Mysterious ancient ruins in Britain... and the effects of 1500-year-old industrial workshops!
Archaeologists in the county of Kent have found an unidentified mausoleum and traces of 1,500-year-old industrial silver mining.
Phys.org indicates that archaeologists found 1,500-year-old industrial traces of silver mining and processing in Kent, England.
But what is interesting is that they did not find any necessary infrastructure for this operation.
During drilling operations in the Grange field near the city of Gillingham, scientists found a record amount of 15 kilograms of litharg (lead monoxide), a substance that is a by-product when extracting silver from lead ores.

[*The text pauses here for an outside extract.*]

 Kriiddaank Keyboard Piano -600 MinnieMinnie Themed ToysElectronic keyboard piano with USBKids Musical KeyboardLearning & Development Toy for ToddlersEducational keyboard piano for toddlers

This quantity indicates that the ore was processed on an industrial scale.
The researchers discovered the ruins of a rectangular building built of wood with three corridors.
These buildings were widespread in the Roman era and were used for housing and workshops for craftsmen, but the traces of metalwork that were found in the place are not commensurate with the size needed to obtain the quantity of litharge found in the same place.
In addition to this, researchers discovered a stone mausoleum built at the end of the third or early fourth century AD, whose height is equivalent to a two-story building.
The floor of the mausoleum is covered with a mosaic of red tiles.
They also found a lead coffin inside the remains of an old woman.
Radiocarbon dating has shown that she was buried at the time the mausoleum was built, but nothing has been found regarding her personality.
In addition to these discoveries, scientists found, according to "Russia Today", 453 metal coins, more than 20,000 pieces of earthenware, and eight thousand pieces of animal bones.
By the 5th and 6th centuries, the Grange Farm was no longer a permanent settlement.
However, experts have found a number of early Anglo-Saxon objects, including two heads of spears (spears were commonly used as a feature of Anglo-Saxon burial rituals) and an ornate brooch.
But they found no evidence to suggest that Grange Farm was used as a settlement or as a burial site at the time.